Festzuhalten, wie spannend Katzen mit ihren mal besinnlichen, mal fast bedrohlichen Blicken sowie ihrer eleganten, entspannten oder auch höchst angespannten Körpersprache sein können, wie viel Innigkeit oder Ablehnung sie dabei geradezu mühelos transportieren, ist quer über den Globus auch ein reizvolles Thema für Maler. Die Katze ist ein perfektes Porträtthema, wobei die Maler dem Tier oder der Situation, in der sie es zeigen, immer hohen Respekt zollen, wie Angus Hyland und Caroline Roberts belegen.

Ihre „Katzen in der Kunst“ sind ein Kompendium von Gemälden und Zeichnungen, das zwar zurückreicht bis zu Leonardo oder Jean-Baptiste Greuze, den Schwerpunkt jedoch auf die Moderne legt und dabei weltweit und in vielen Stilrichtungen fündig wird.
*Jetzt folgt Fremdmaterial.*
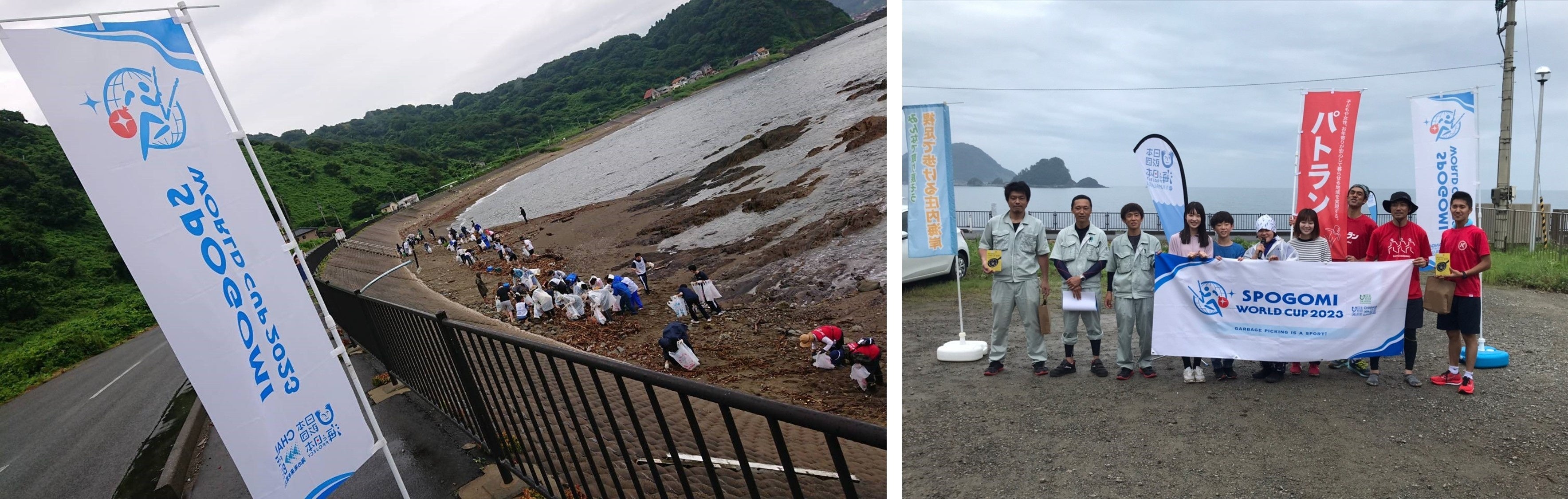 会場の香頭ケ浜は、海水浴場ではないため普段清掃はあまり入らず、防波堤がなく湾になっていることにより、多くのごみが集積していました。海岸沿いをドライブすると、景色と合わせてごみも目に入るこの海岸でしたが、スポGOMIワールドカップ 2023 山形 STAGEを終え、総量474kgを超えるごみを回収し海岸一帯をきれいにすることができました。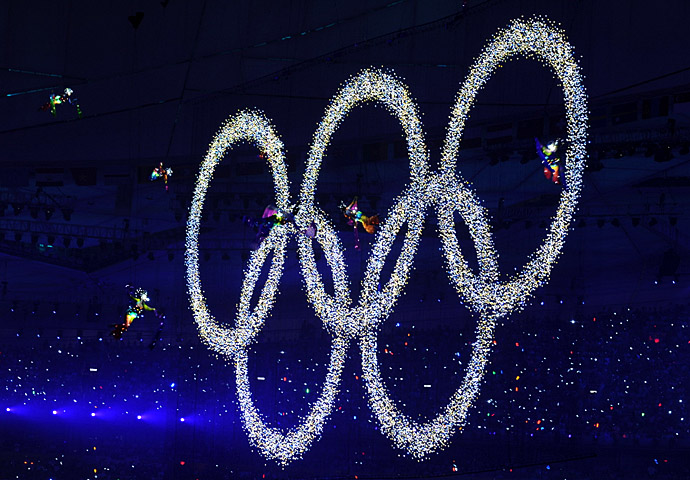 8月8日晚8時,第29屆夏季奧林匹克運動會在國家體育場——“鳥巢”隆重開幕。這是開幕式上閃閃發(fā)光的夢幻五環(huán)出現(xiàn)在“鳥巢”。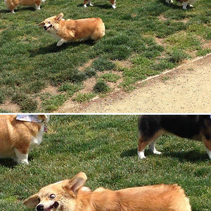 Went To A Corgi Meet Up This Weekend. The Other Corgis Are All Looking At The Ball. My Dog On The Other Hand Is Derping Really Hard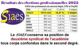 Le SIAES à votre service : Les élus en CAPA et responsables du SIAES, DEUXIEME SYNDICAT DE L'ACADEMIE, sont à la disposition des adhérents pour les conseiller et suivre leur dossier.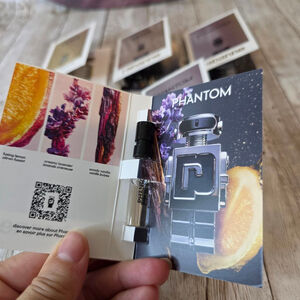 This lot includes five Paco Rabanne fragrance samples, each containing 1.5 ml (0.05 fl oz). Two samples are 'FAME' (one labeled 'paco rabanne', one 'rabanne'), and three are 'PHANTOM' (one 'ELIXIR', one 'EAU DE TOILETTE', one 'PARFUM'). Each clear glass vial with a black sprayer is housed within a white and gold/silver cardboard card featuring product branding and imagery. The items appear new and unused, with no visible imperfections.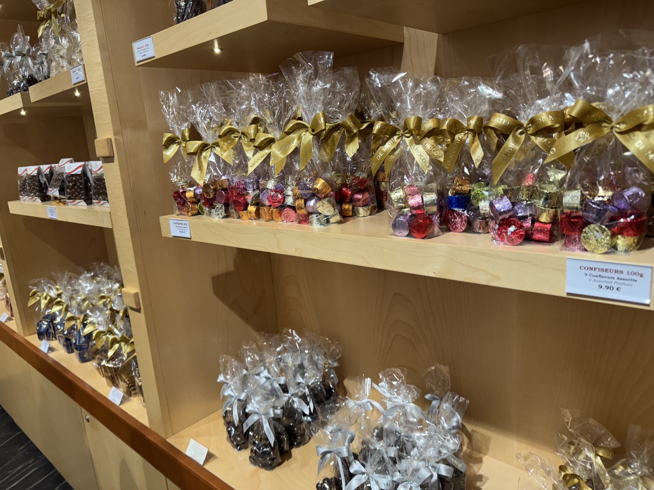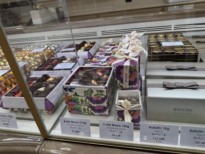 ニース在住ガイドがモナコでしか買えないオススメのチョコレートがあるとの事で訪問。オススメチョコは売り切れで購入できませんでしたが、チョコレートの種類は豊富でラッピングもステキでお土産に良さそうでした。店内は美しく、可愛いお店でした。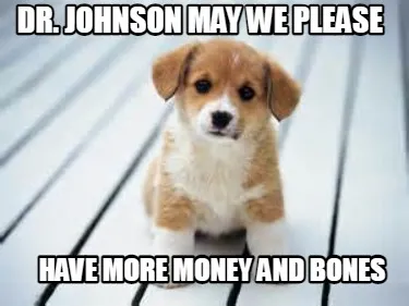 Create Funny Dr. Johnson May we please have more money and bones Meme
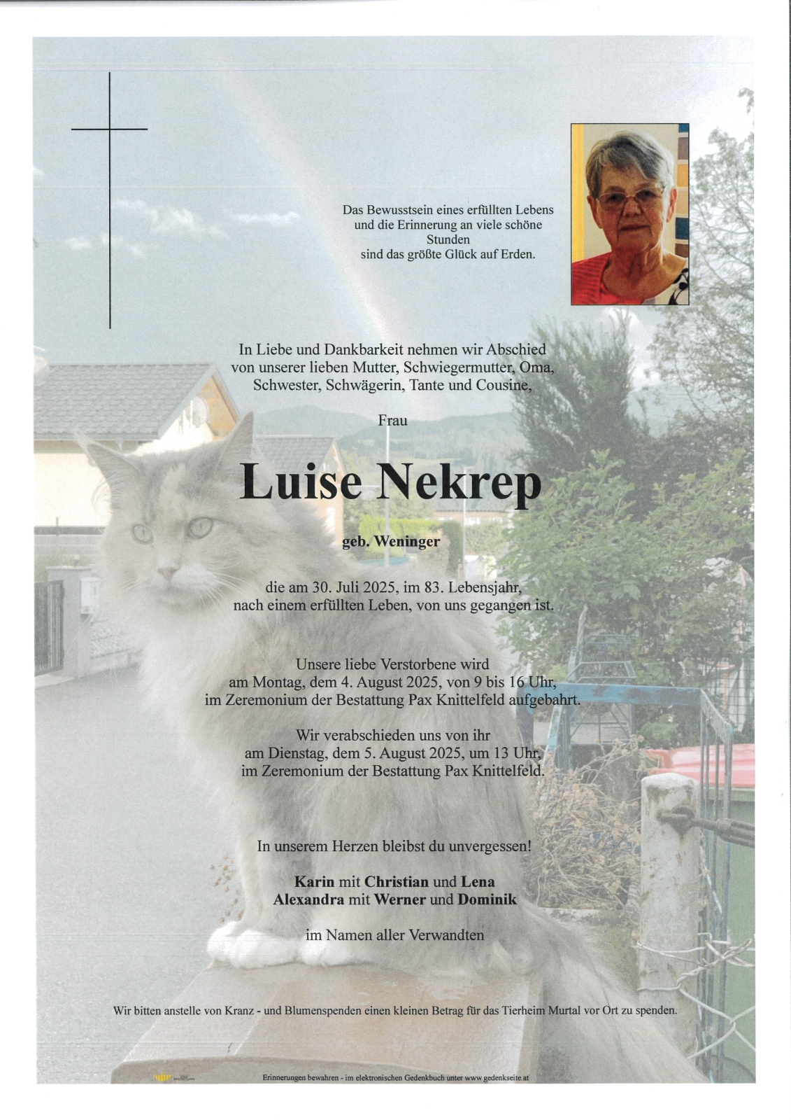 Trauerfeier am 5. August 2025 um 13:00 Uhr,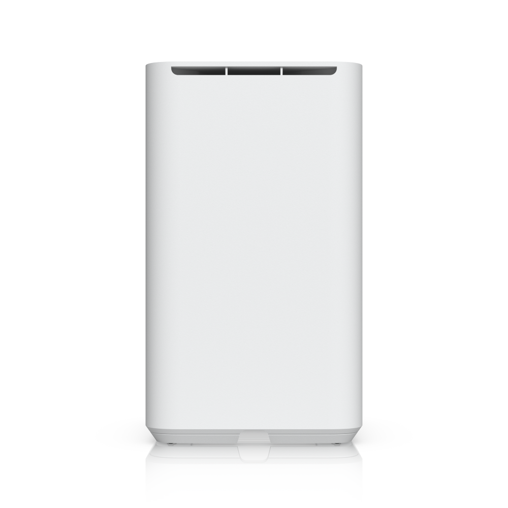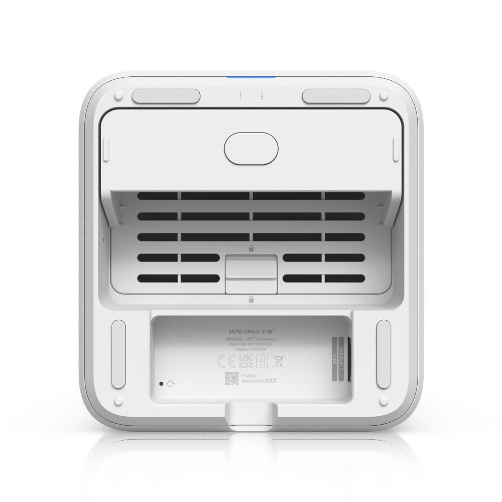 UniFi Network Attached Storage met (2) 3,5-inch HDD-bays, 2,5 GbE-netwerk, USB-C-connectiviteit en een meegeleverde PoE++-adapter, allemaal in een compact formaat.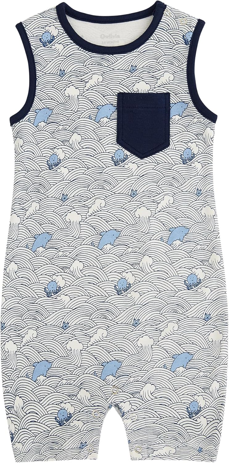 Owlivia Baby Short Sleeve Summer Romper Set, 2 Pack Tank Jumpsuit for Girls and Boys, Cartoon One Piece Coverall Outfit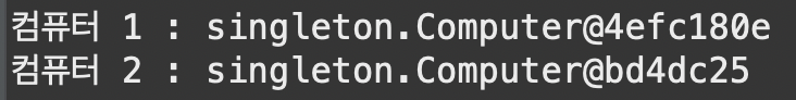 그 후 실행해보면 서로 다른 Computer 객체의 주소가 적용된 모습을 확인할 수 있습니다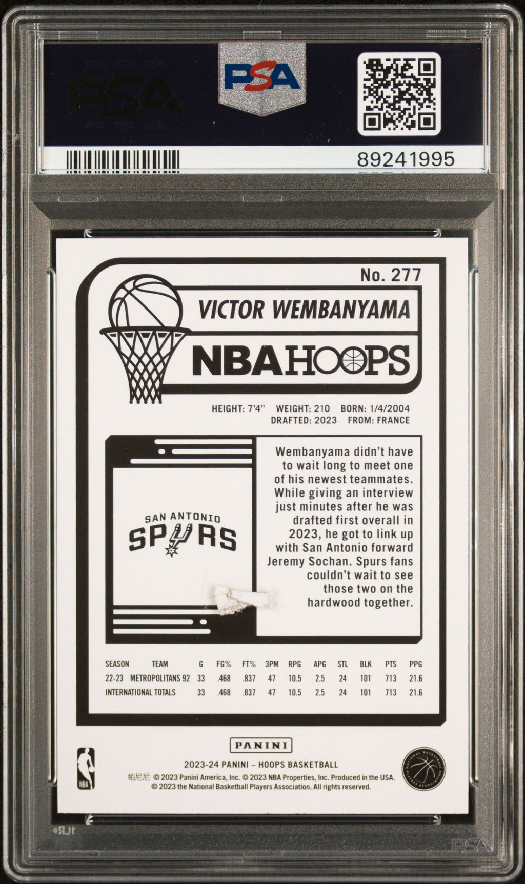 2023 Panini NBA Hoops Victor Wembanyama Rookie #277 PSA 10 GEM MINT San Antonio Spurs Don’t miss your chance to own this highly sought-after 2023 Panini NBA Hoops Victor Wembanyama Rookie card, graded PSA 10 GEM MINT! As one of the most talked-about rookies in recent years, Wembanyama’s cards are heating up the market, and this pristine example is a must-have for any serious basketball or Spurs collector. With zero cards graded higher and a population of just 11,071, this card stands out as a true gem from the latest NBA rookie class. Secure this investment-grade collectible today—perfect for display or as a cornerstone in your collection. This card comes authenticated by Professional Sports Authenticator (PSA) with certification number 89241995, ensuring its authenticity and top-tier condition. Act fast—Wembanyama’s star is only rising, and opportunities like this don’t last long! Set: 2023 Panini NBA Hoops Certification Number: 89241995 Grader: Professional Sports Authenticator (PSA) Grade: 10 Year Manufactured: 2023 Player/Athlete: Victor Wembanyama Graded: Yes Population Higher: 0 Sport: Basketball Manufacturer: Panini Population: 11071 Features: Rookie Team: San Antonio Spurs Card Number: 277 Listed With Mascot.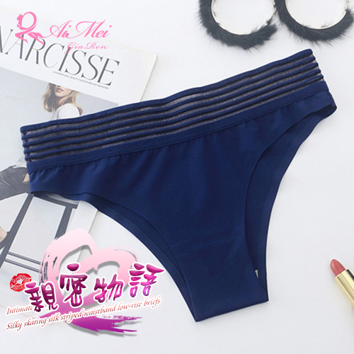 | 親密物語!絲滑冰絲條紋褲頭低腰三角褲﹝深藍﹞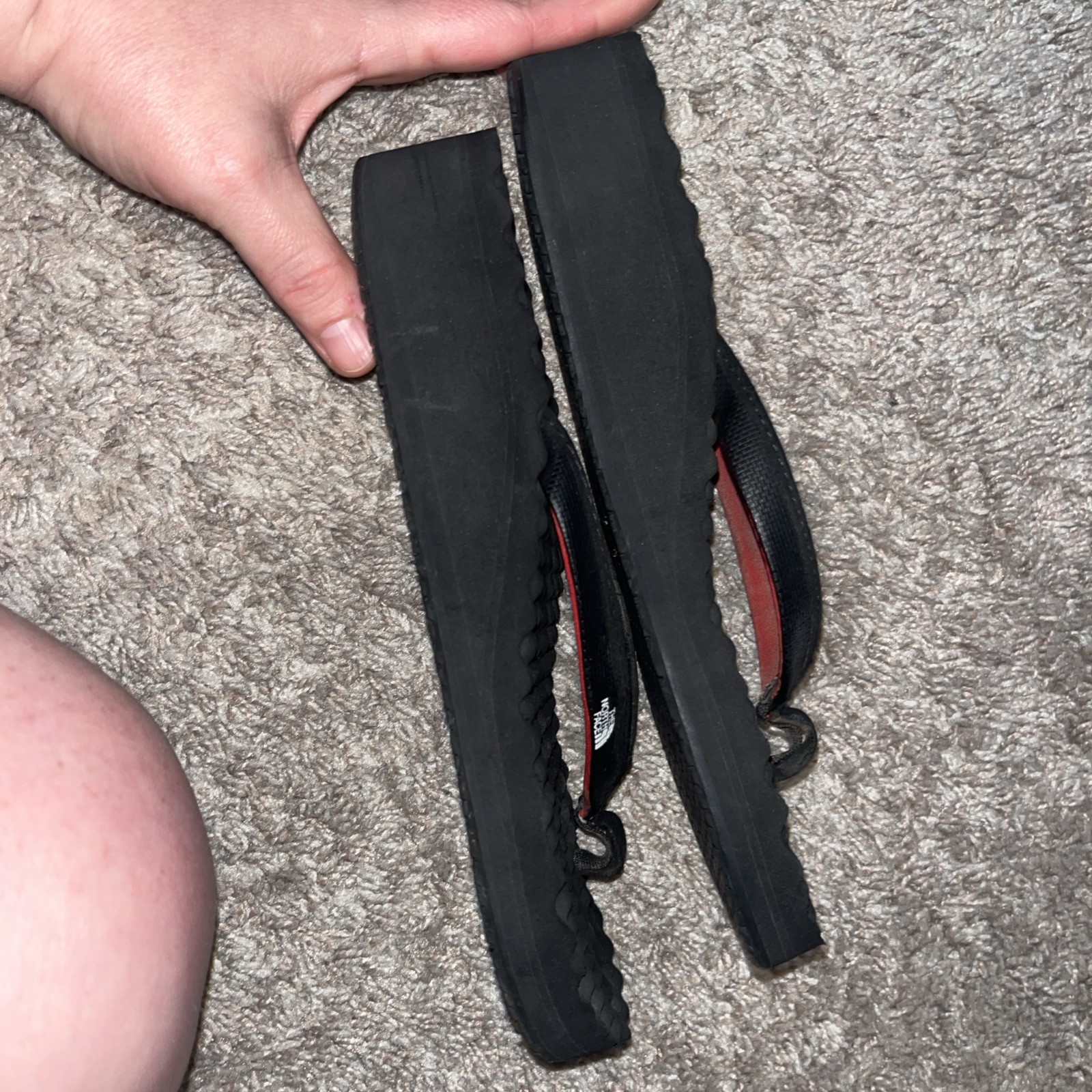 The North Face Women’s Base Camp Black Wedge Thong Sandals, Estimated Size 8.5. Condition is Pre-owned. Shipped with USPS Ground Advantage.

Dabei erhalten die Bilder weit mehr Raum als in vielen anderen Bänden: Sie dürfen ganze Seiten mit ihren Schönheiten im doppelten Sinn füllen. Vielfach erfährt man dazu nur den Namen des gezeigten Künstlers, den Titel seines Bildes sowie dessen Entstehungsjahr, dabei steht dann auf der gegenüberliegenden Seite ein passendes Katzen-Zitat, typografisch reizvoll in Szene gesetzt. Doch immer wieder haben die Autoren auch kleine Texte dazugestellt – und dann erklären auch sie Katzenverhalten von der Tierkunde aus. Beim Lesen verblüfft dann, wie empathisch nahe die Maler mit ihren Moment-Szenerien auch der „inneren“ Natur des Tieres kommen, wie sie ohne Worte vermitteln können, wofür große, offene Augen, gespitzte Ohren oder schleichender Gang im Katzenleben stehen.